WHAT YOU SHOULD DO> Repeat exactly the lines of the material below that run from the "Новомосковцы, в числе" line to the "Donate to Mia" line, including both, and do not carry over any pictures.

RECORDS>
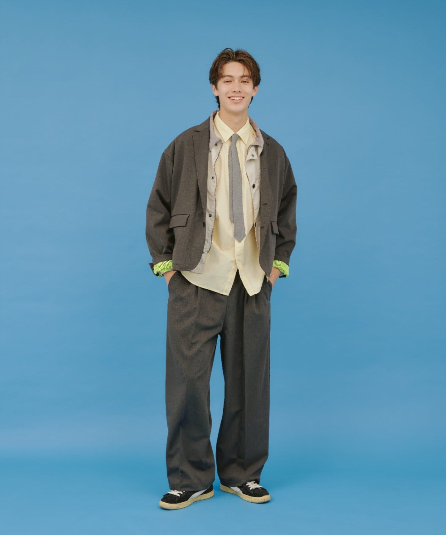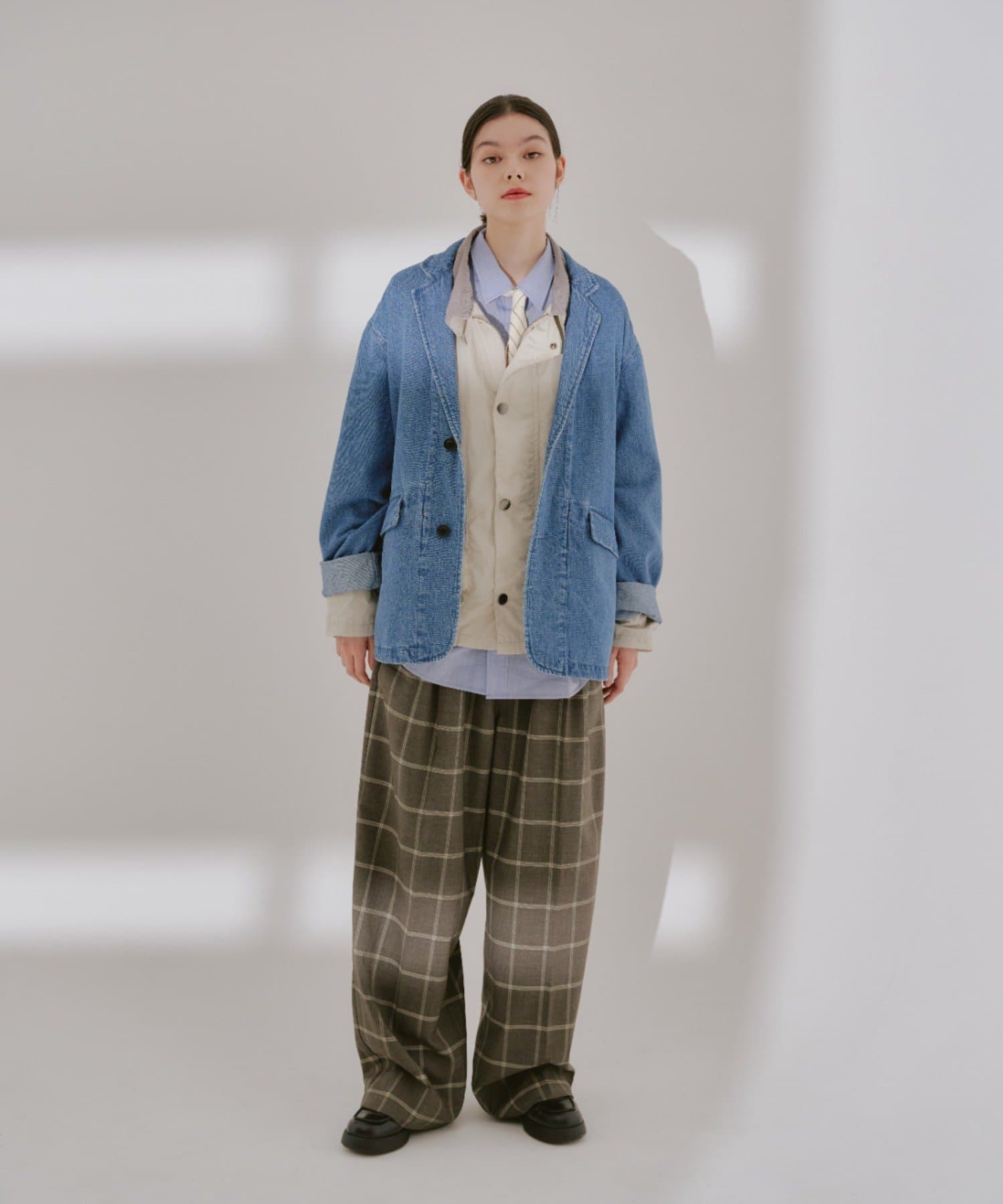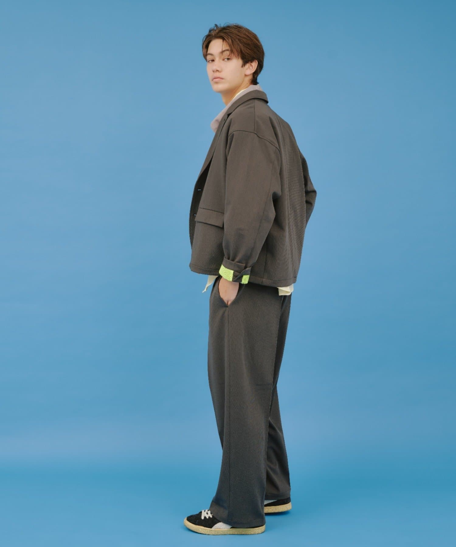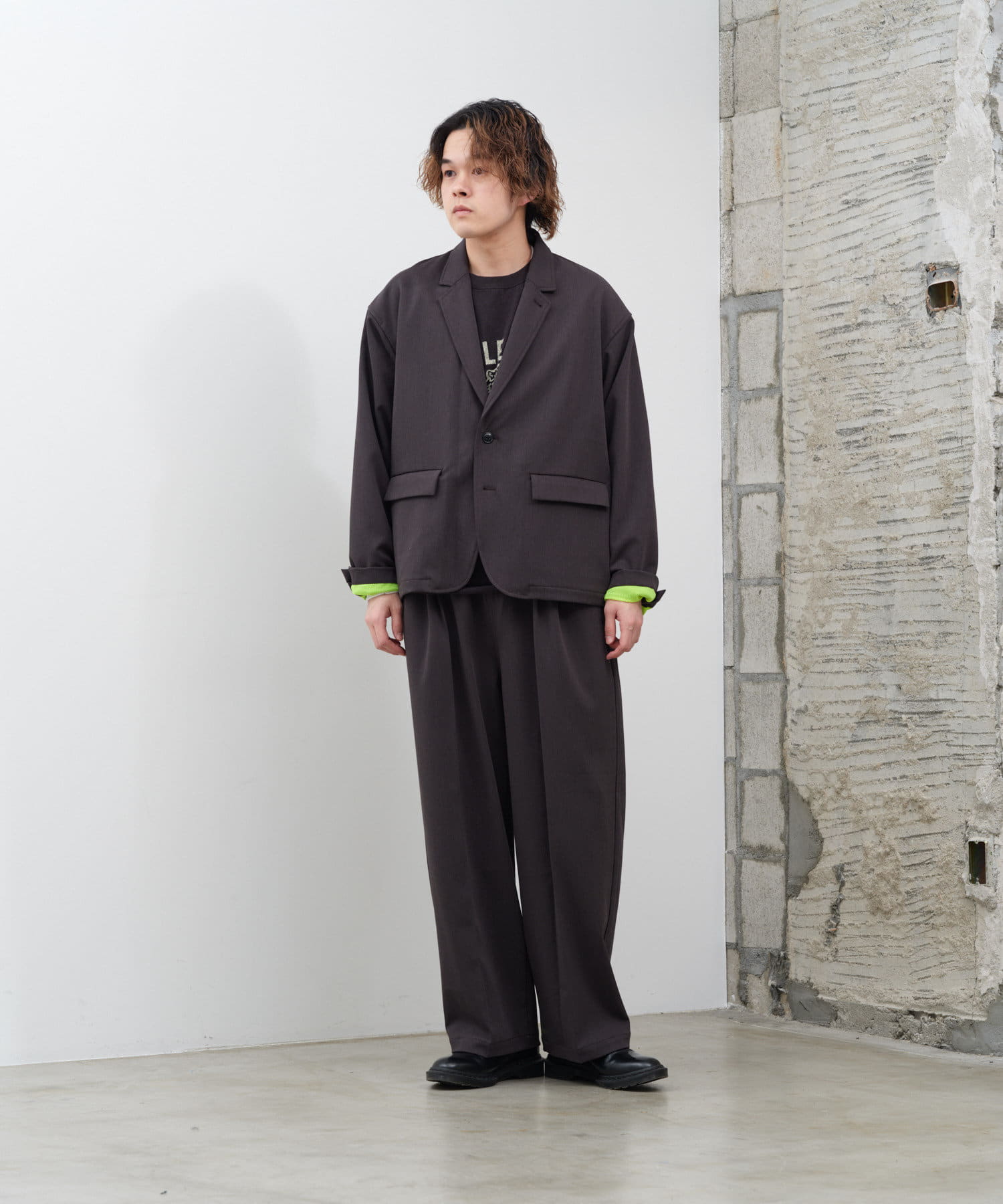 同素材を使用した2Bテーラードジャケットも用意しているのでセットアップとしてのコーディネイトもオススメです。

---

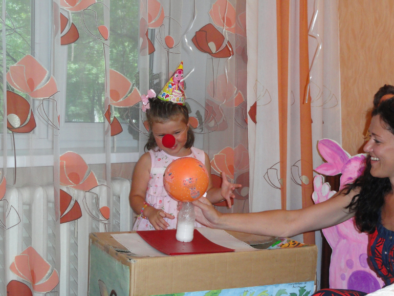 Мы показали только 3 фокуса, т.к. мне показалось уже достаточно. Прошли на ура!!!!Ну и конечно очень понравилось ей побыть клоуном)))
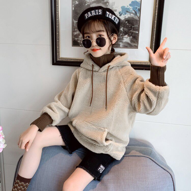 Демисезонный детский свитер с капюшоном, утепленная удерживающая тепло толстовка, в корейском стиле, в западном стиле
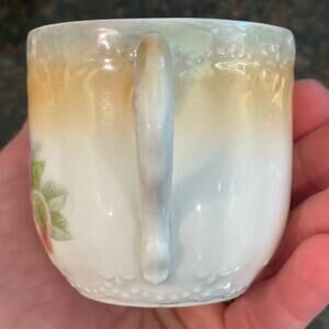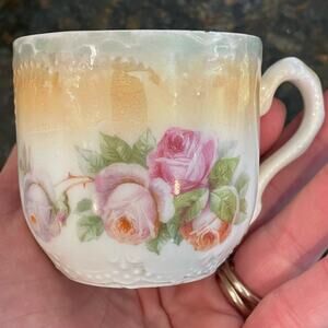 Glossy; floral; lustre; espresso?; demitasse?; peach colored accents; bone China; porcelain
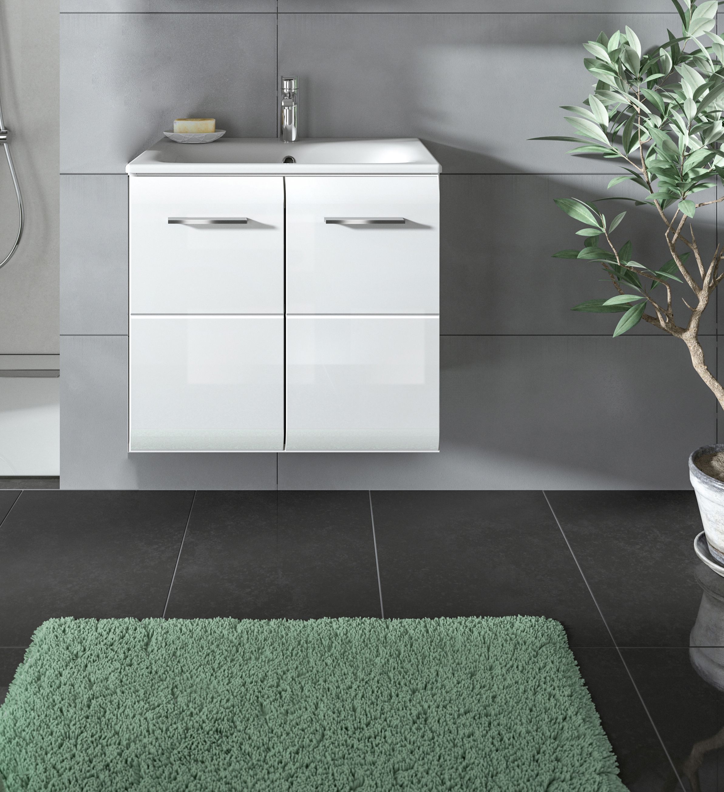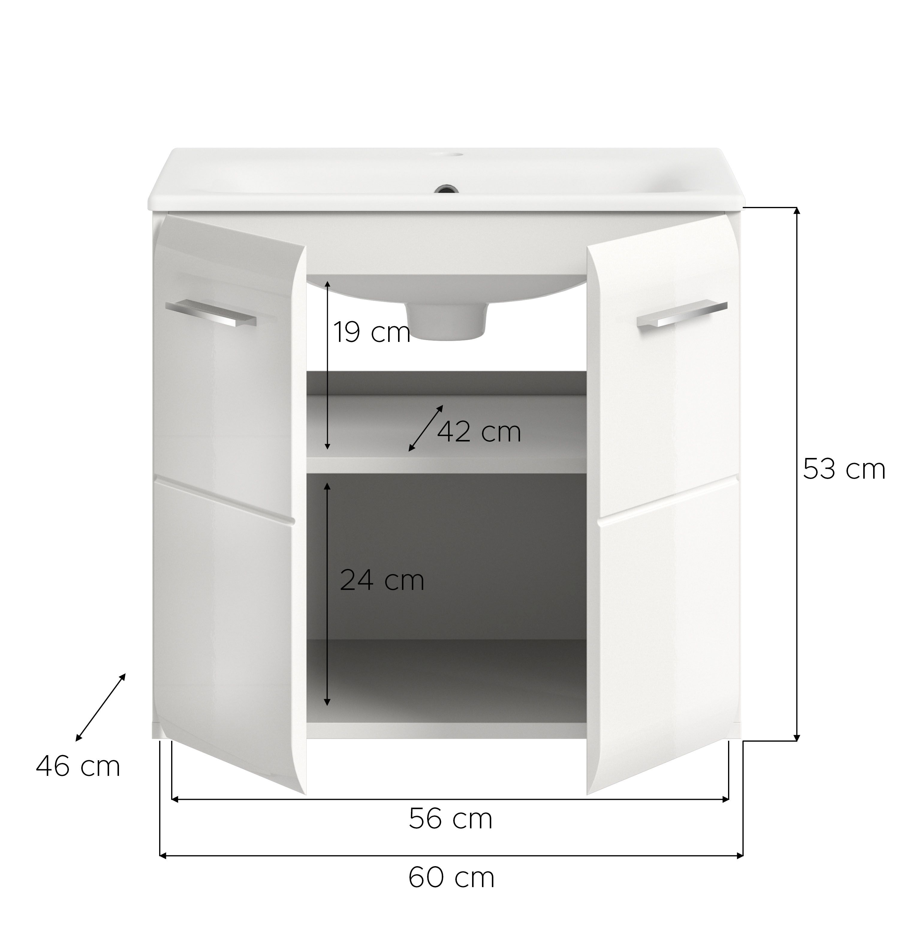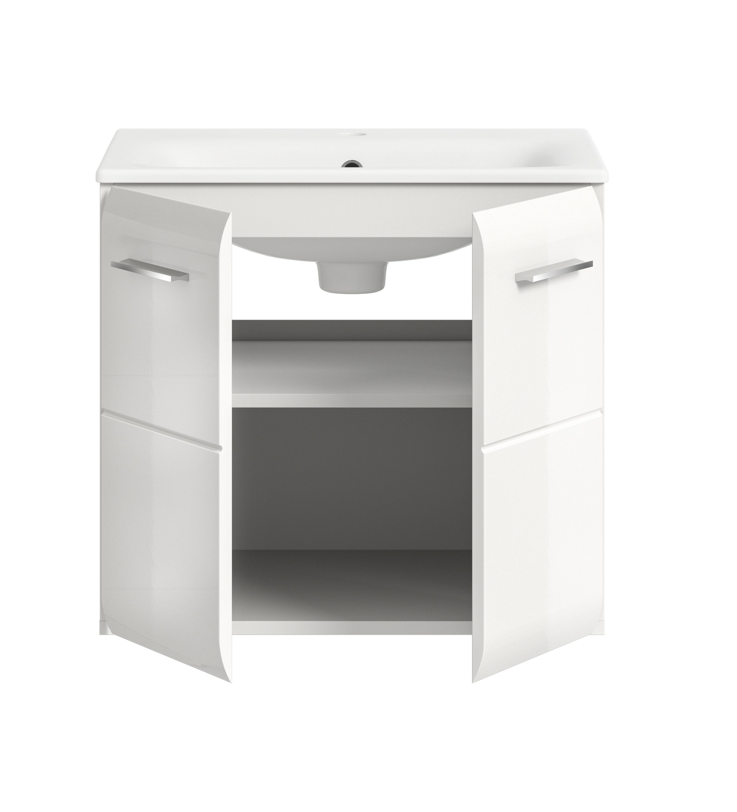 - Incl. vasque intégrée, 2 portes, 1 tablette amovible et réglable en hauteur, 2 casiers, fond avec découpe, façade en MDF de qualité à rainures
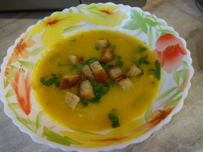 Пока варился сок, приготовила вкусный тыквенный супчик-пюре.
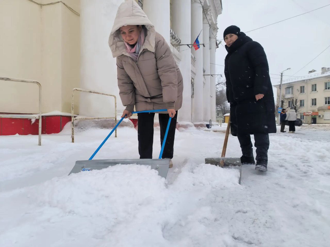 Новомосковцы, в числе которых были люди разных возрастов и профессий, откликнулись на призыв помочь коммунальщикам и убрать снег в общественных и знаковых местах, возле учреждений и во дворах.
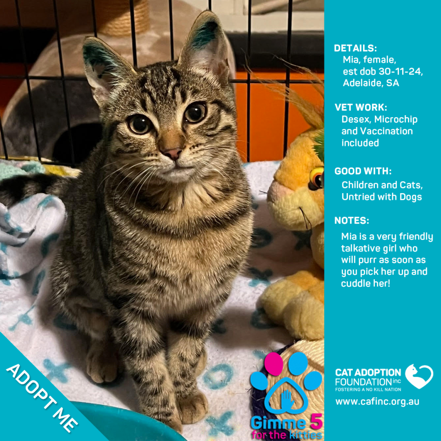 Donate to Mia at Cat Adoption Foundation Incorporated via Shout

==

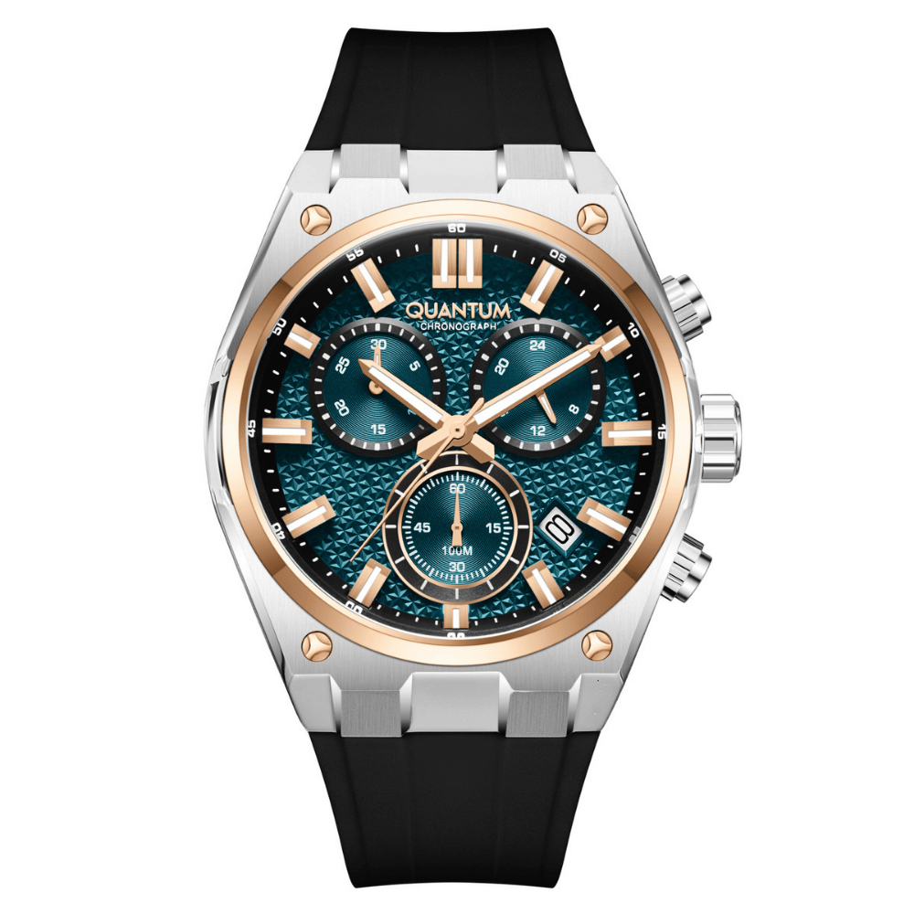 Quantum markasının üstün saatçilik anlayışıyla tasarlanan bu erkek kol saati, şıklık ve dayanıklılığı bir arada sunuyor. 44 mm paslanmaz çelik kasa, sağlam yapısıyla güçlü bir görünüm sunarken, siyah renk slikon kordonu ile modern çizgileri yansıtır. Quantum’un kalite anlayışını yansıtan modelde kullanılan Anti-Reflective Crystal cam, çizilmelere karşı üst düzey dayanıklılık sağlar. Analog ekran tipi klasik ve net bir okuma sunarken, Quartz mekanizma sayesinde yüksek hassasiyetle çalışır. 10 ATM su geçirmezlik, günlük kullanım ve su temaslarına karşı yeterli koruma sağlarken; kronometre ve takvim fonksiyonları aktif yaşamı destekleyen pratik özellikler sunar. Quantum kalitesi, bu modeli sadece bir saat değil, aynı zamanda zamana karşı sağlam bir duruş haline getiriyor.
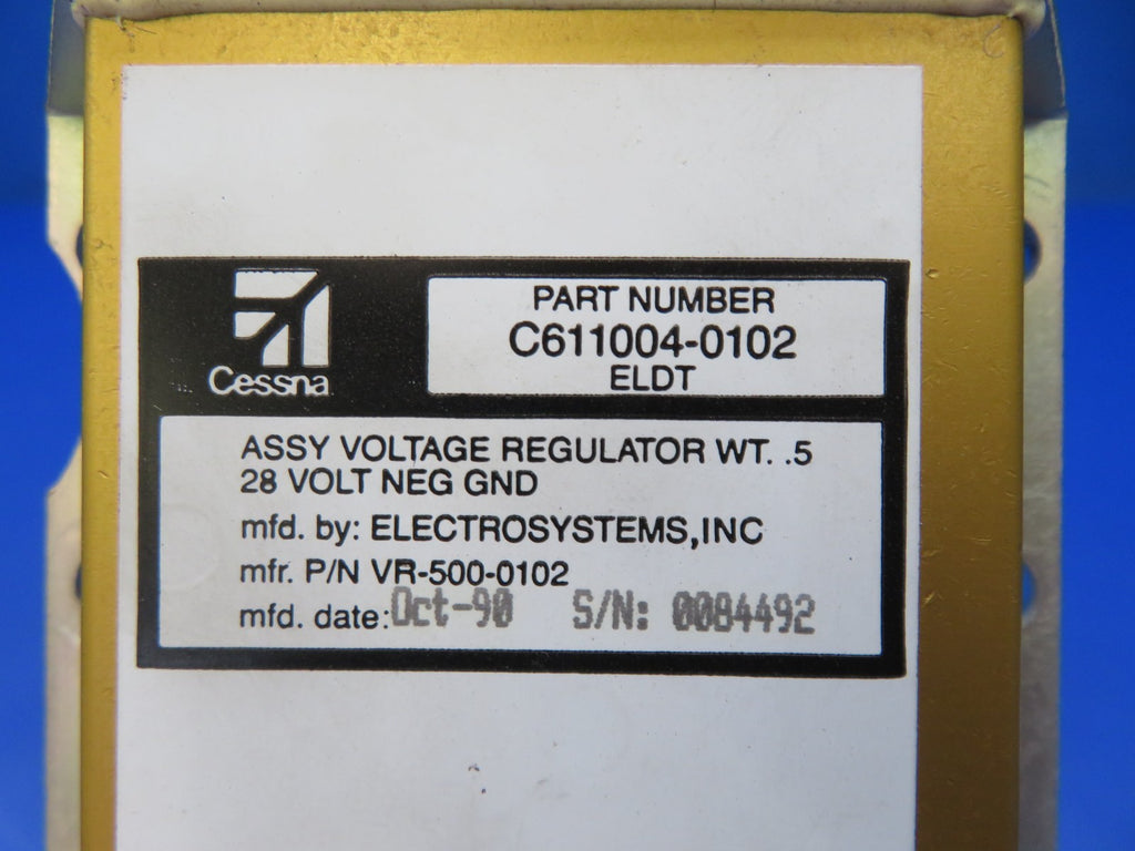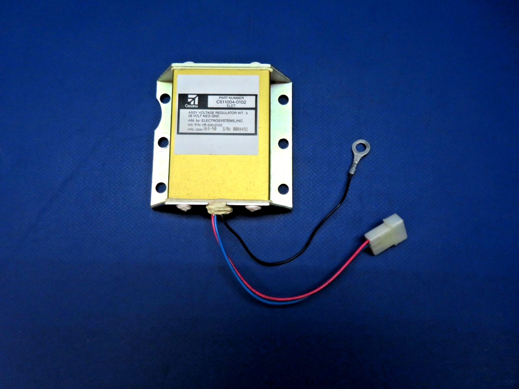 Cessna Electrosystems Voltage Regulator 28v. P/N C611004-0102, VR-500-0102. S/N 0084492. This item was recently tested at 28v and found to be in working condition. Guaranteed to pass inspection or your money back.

THE COMPLETED TASK>
 Новомосковцы, в числе которых были люди разных возрастов и профессий, откликнулись на призыв помочь коммунальщикам и убрать снег в общественных и знаковых местах, возле учреждений и во дворах.
 Donate to Mia at Cat Adoption Foundation Incorporated via Shout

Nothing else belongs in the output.